When they were done, Pyotr Glaviach found Danny's service re- volver in the gutter. He picked it up and dropped it on top of the unconscious cop's chest. Pyotr recalled all the men--fourteen-- he'd killed, face-to-face, over the years. This number did not include an entire unit of czarist guards they'd trapped in the center of a burning wheat field. He could still smell that odor seven years later, could hear them crying like babies as the flames found their hair, their eyes. You could never lose the smell from your nostrils, the sounds from your ears. You couldn't undo any of it. Or wash it off. He was tired of the killing. It was why he'd come to America. Because he was so tired. It always led to more.

He spit on the traitor cop a couple more times and then he and his comrades returned to the touring car and drove away.

Luther had gotten good at sneaking in and out of Nora's rooming house. He'd learned that you made the most noise trying to be quiet, so he did his due diligence when it came to listening from behind her door to the hallway on the other side, but once he was sure there was no one out there, he turned her doorknob quick and smooth and stepped into the hall. He swung the door closed behind him, and even before it clicked against the jamb, he'd already opened the door into the alley. By then, he was in the clear--a black man exiting a building in Scollay Square wasn't the problem; a black man exiting a white woman's room in any building whatsoever, that's what got you killed.

That May Day night, he left the bag of fruit in her room after sitting with her about half an hour, watching her eyelids droop repeatedly until they stayed down. It worried him; now that they'd cut her hours, she was tired more, not less, and he knew that had to be about diet. She wasn't getting enough of something and he wasn't no doctor so he didn't know what that something was. But she was tired all the time. Tired and grayer, her teeth starting to loosen.

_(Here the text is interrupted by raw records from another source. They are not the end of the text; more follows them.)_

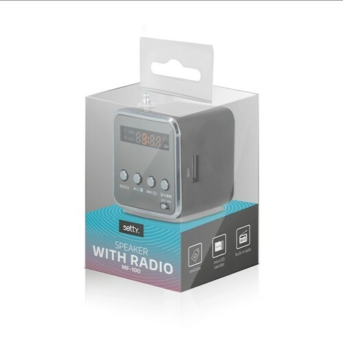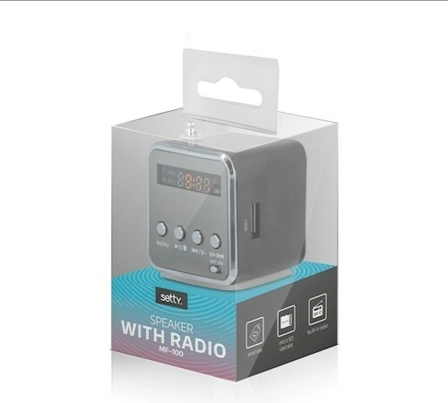 Kompaktní bezdrátový reproduktor SETTY MF-100 s FM rádiem nabízí překvapivě čistý zvuk, odlné hliníkové tělo a praktické přehrávání z microSD karty i USB flash disku. Díky vestavěné nabíjecí baterii si hudbu užijete kdekoli, LCD displej usnadní ovládání a přehled o stanicích i stopách.
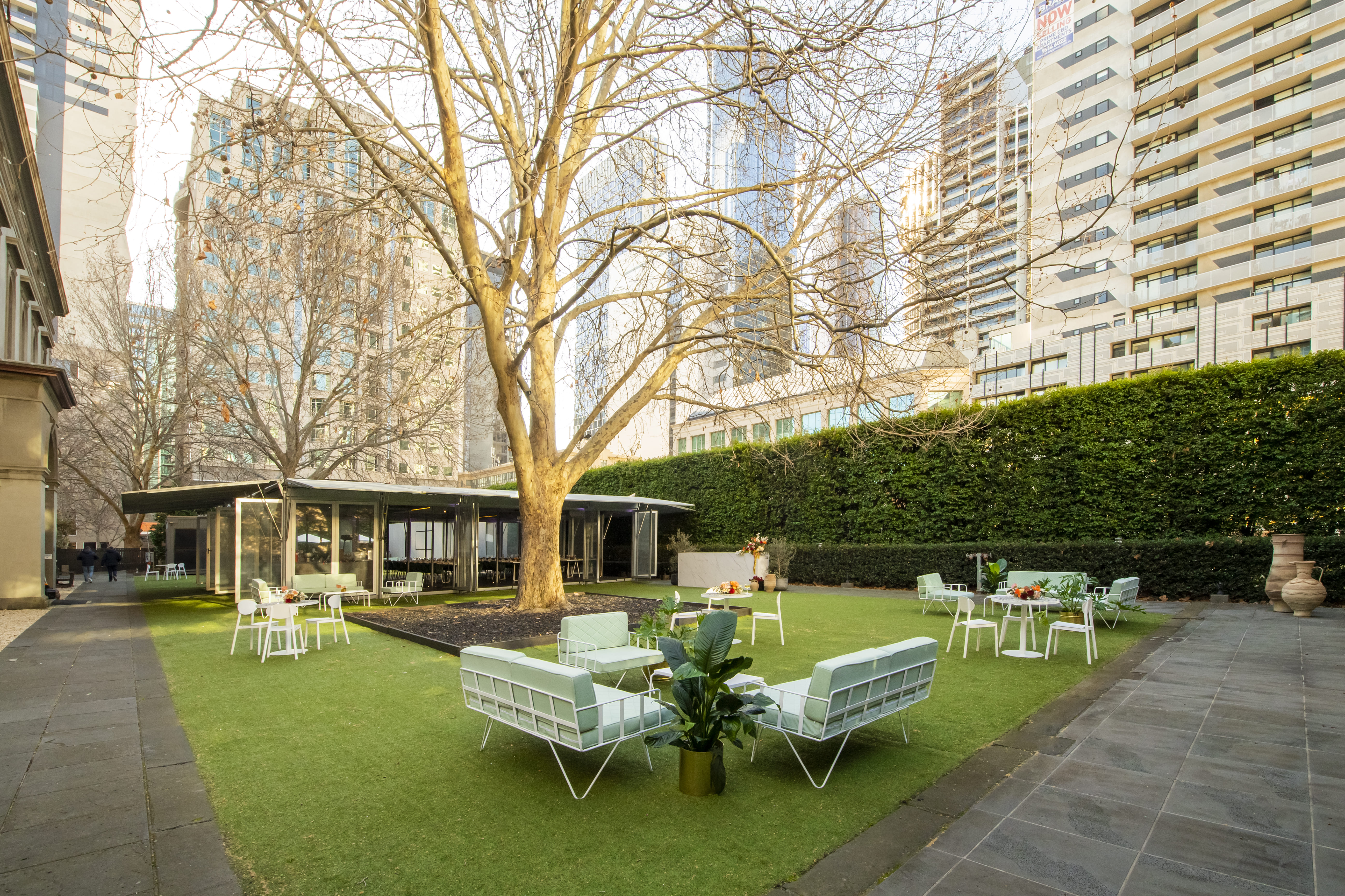 The Hellenic Museum was founded in 2007, with a mission to inspire Australians about Hellenic culture from the ancient to the contemporary. The Hellenic Museum was founded by the late Melbourne businessman and philanthropist Spiros Stamoulis . Having emigrated from Greece to Australia as a 12 year old in the 1950s, Spiros went on to build a series of successful businesses which enabled him to give back to the city which had embraced both him and his family. The former Royal Mint is of architectural significance as one of the most impressive 19th century government buildings in Victoria, and one of few Australian buildings in the true Renaissance revival style, and a virtual copy of the Palazzo Vidoni Caffarelli , attributed to Raphael, in Rome. Sean Godsell ‘s much anticipated M Pavilion officially opened to the public on 7 October 2014. Now having been permanently relocated from the Queen Victoria Gardens to the Hellenic Museum courtyard, the structure is intended to be reminiscent of the Aboriginal humpy, both in form and function. It is a place to gather, converse and connect. And it still serves that purpose today. With a combined capacity for 500 cocktail, including wet weather coverage for up to 200 guests, it provides a secluded secret garden in the heart of the CBD. A fully integrated bar, and kitchen facility ensure a high level of service whatever your style of event. Eastern Courtyard & M Pavilion is perfect for: Cocktail Party venue Melbourne | Birthday venue Melbourne | Wedding venue Melbourne | Engagement party venue Melbourne | Private Dining Room Melbourne | Networking venue Melbourne | Corporate Function venue Melbourne | Christmas Party venue Melbourne
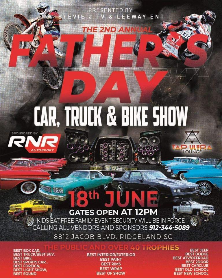 Fathers Day Car, Truck, and Bike Show | Noon | 8812 S Jacob Smart Blvd, Ridgeland | The folks over at Malakai Prime Media shared this epic Father's Day event for the entire family. A car, truck and bike show with over 40 Trophies to be awarded including Best Jeep, Best Wrap, Best Bike and more. Kids eat free at this family friendly event. Details here.
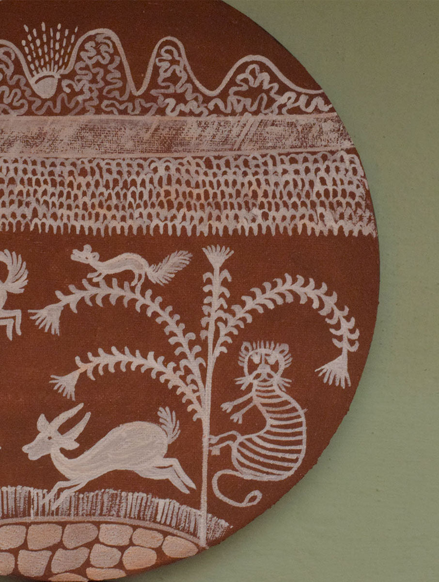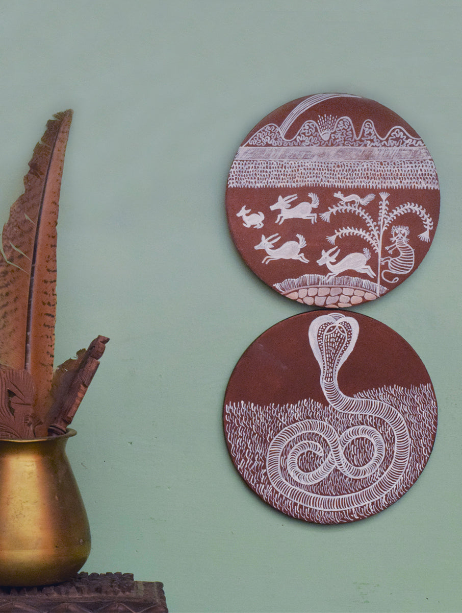"Bhumi" by Ba No Batwo is a handcrafted collection of warli wallart handpainted and handcrafted with canvas on metal plates.
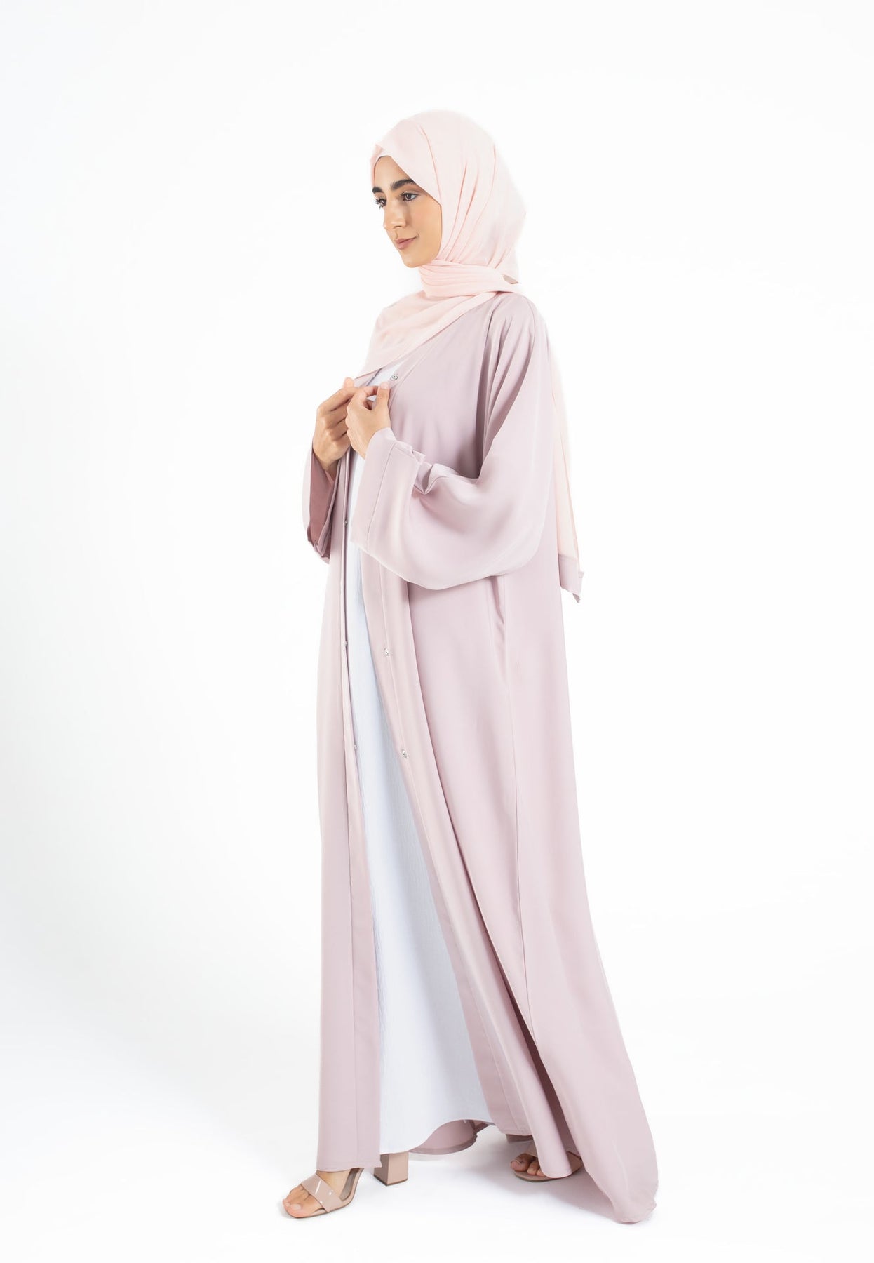 Stay stylish with our plain baby pink open abaya with wide sleeves. Featuring snap buttons on front and crafted from premium Nida, it's perfect for casual wear. Pair effortlessly with our inner slip dresses. Includes matching hijab and belt. Ideal for summer, daily wear and formal wear.
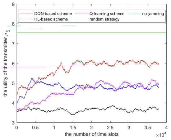 Figure 5 illustrates the transmitter’s utility of different anti-jamming schemes for a single jammer case. The “no-jamming” line represents the maximum utility of the communication system when there is no jamming. As shown in the figure, the DQN-based scheme has the highest utility value among the anti-jamming communication schemes. The utility of the HL-based scheme is higher than that of the commonly used random strategy. Compared with the Q-learning scheme, the HL-based scheme achieves comparable utilities as the Q-learning scheme but has a much faster convergence speed. The HL-based scheme converges after time slots, while the Q-learning scheme does not reach convergence until after the th time slot. The reason is that the size of the Q-value table of the HL-based scheme is only related to the number of the actions that can be used, while the size of the Q-value table of the Q-learning scheme is not only related to the number of possible actions but also related to the state space, which results in a much larger Q-value table than the HL-based scheme and a slower convergence speed.

That's what made Luther take fruit from the Coughlins this time. Seemed he remembered fruit was good for teeth and complexions. How or why he knew that, he couldn't say, but it felt right.

He left her sleeping and went up the alley, and when he came to the end of it, he saw Danny lumbering across Green Street toward him.

But not Danny, really. A version of him. A Danny who'd been fi red from a cannon into a block of ice. A Danny with blood all over himself as he walked. Or tried to. Reeled was more like it.

Luther met him in the middle of the street as Danny fell to one knee.

"Hey, hey," Luther said softly. "It's me. Luther."

Danny looked up at him, his face like something someone had tested hammers on. One eye was black. That was the good one. The other was so swollen shut it looked to have been sutured. His lips were twice their normal size, Luther wanting to make a joke about it but feeling it was definitely the wrong time.